Postscript to Habeas Corpus

Justice Scalia's dissent in Boumedienne vs. Bush, which I mentioned last week, argued not only that more Americans would be killed as a result of the majority opinion, but that 30 detainees released from Guantanamo had already "returned to the battlefield" and had been responsible for a number of deaths. I do not know how often Supreme Court Justices have been caught putting false information into their opinions, but that is what has happened here. Some Seton Hall law professors, bless their hearts, have published a report exploding this data as an urban legend--one which the Pentagon had already had to repudiate. The maximum number of released detainees (none of whom, of course, was released thanks to court proceedings) who have taken up arms is twelve, and none of them has been responsible for the death of an American. In releasing their report the professors made an interesting point: for all its imperfections the adversarial process is the best one we have found for determining the truth, and it would have a much better chance of making sound decisions about who has to be detained and tried and who does not.

4 comments:

Anonymous said...

If I weren't an old woman myself, I'd say the 4 dissenters sounded like old women, carrying on about how "we'll all be murdered in our beds!"

My deepest apologies to my female contemporaries for the analogy.

Shelterdog said...

The most fundamental flaw in Scalia's opinion isn't his misstatement of facts, but rather his profound ignorance of the implications of his reasoning.

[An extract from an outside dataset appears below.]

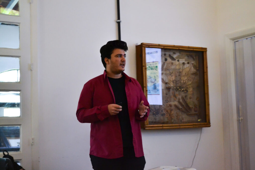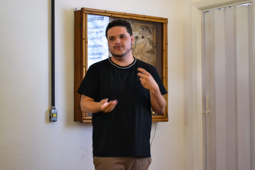 Um dos destaques do dia foi o trabalho do estudante de Belas Artes, Carlos Daniel da Cunha, que apresentou o projeto “Vírus à vista: A capacidade contagiante dos quadrinhos”. Produzindo um documentário científico em formato de HQ, ele relatou como arte e ciência se encontram no processo criativo. “Minha orientadora queria aproximar a virologia da linguagem visual, e eu já trazia a bagagem dos quadrinhos e o interesse pela ciência. As coisas simplesmente se alinharam”, explicou.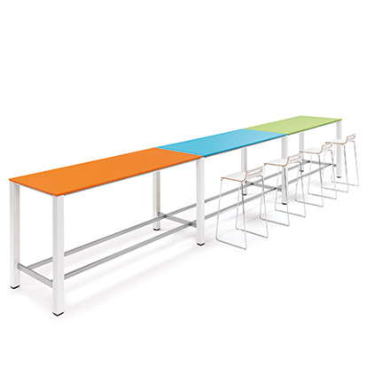 • High desk: It doesn't always have to be the classic desk height – it can also go higher. The high desk is the ideal meeting point in the team work area, in which users can choose whether they want to stand or sit.

The issue is hardly novel. Indeed, it is most succintly set forth in the moluth of Sir Thomas More in Robert Bolt's classic play and film, "A Man for All Seasons (I defer to David as to whether the quotation has any basis in history):"

William Roper: So, now you give the Devil the benefit of law!

Sir Thomas More: Yes! What would you do? Cut a great road through the law to get after the Devil?

William Roper: Yes, I'd cut down every law in England to do that!

Sir Thomas More: Oh? And when the last law was down, and the Devil turned 'round on you, where would you hide, Roper, the laws all being flat? This country is planted thick with laws, from coast to coast, Man's laws, not God's! And if you cut them down, and you're just the man to do it, do you really think you could stand upright in the winds that would blow then? Yes, I'd give the Devil benefit of law, for my own safety's sake!

LFC said...

Not only did Scalia put incorrect data into his dissent, he also signed Roberts' dissent, which said that the practical impact of the majority's decision, in terms of the actual fate of the detainees, would be slight. This contrasts with, perhaps even contradicts, Scalia's
own effort to conjure 'a parade of horribles' resulting from the majority's decision. Yet Scalia apparently was untroubled by this arguable contradiction between the two dissents.